LISTED ENTRIES:
------------------------
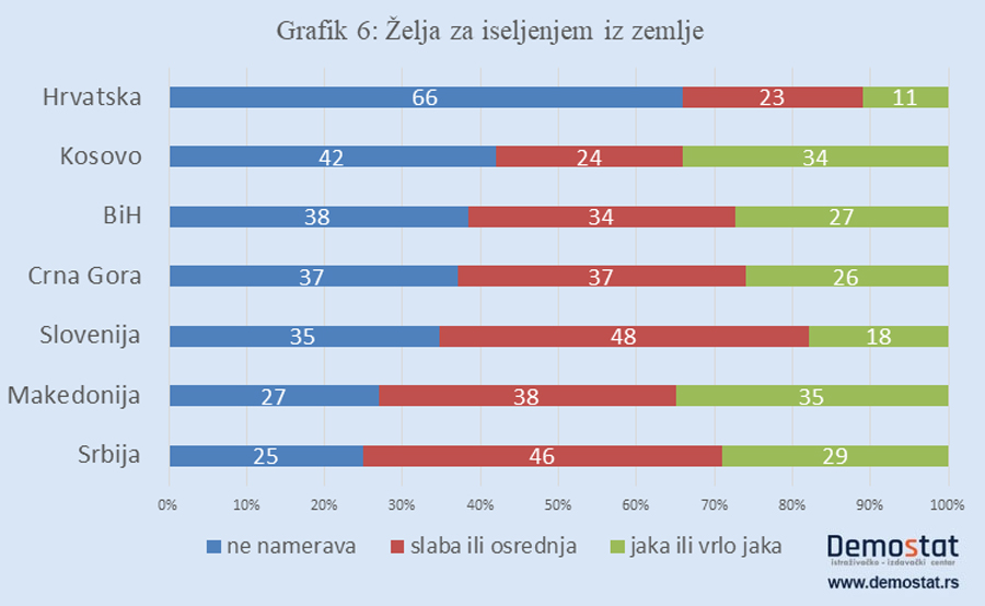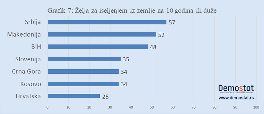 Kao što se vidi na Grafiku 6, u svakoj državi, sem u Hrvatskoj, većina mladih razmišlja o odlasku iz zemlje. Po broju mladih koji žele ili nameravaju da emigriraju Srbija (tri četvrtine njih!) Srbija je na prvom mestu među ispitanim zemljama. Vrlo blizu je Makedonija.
------------------------
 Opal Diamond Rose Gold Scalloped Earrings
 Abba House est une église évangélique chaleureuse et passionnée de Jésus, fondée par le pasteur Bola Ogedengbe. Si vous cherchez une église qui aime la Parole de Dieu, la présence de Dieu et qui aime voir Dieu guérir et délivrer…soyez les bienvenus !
------------------------
TASK ITEM:
Using the entries above, output exactly the lines between the line holding "Opal Diamond Rose Gold Scalloped Earrings" and the line holding "Abba House est", end lines included, and nothing more.

REPLY TO THE EXERCISE:
 Opal Diamond Rose Gold Scalloped Earrings
 Abba House est une église évangélique chaleureuse et passionnée de Jésus, fondée par le pasteur Bola Ogedengbe. Si vous cherchez une église qui aime la Parole de Dieu, la présence de Dieu et qui aime voir Dieu guérir et délivrer…soyez les bienvenus !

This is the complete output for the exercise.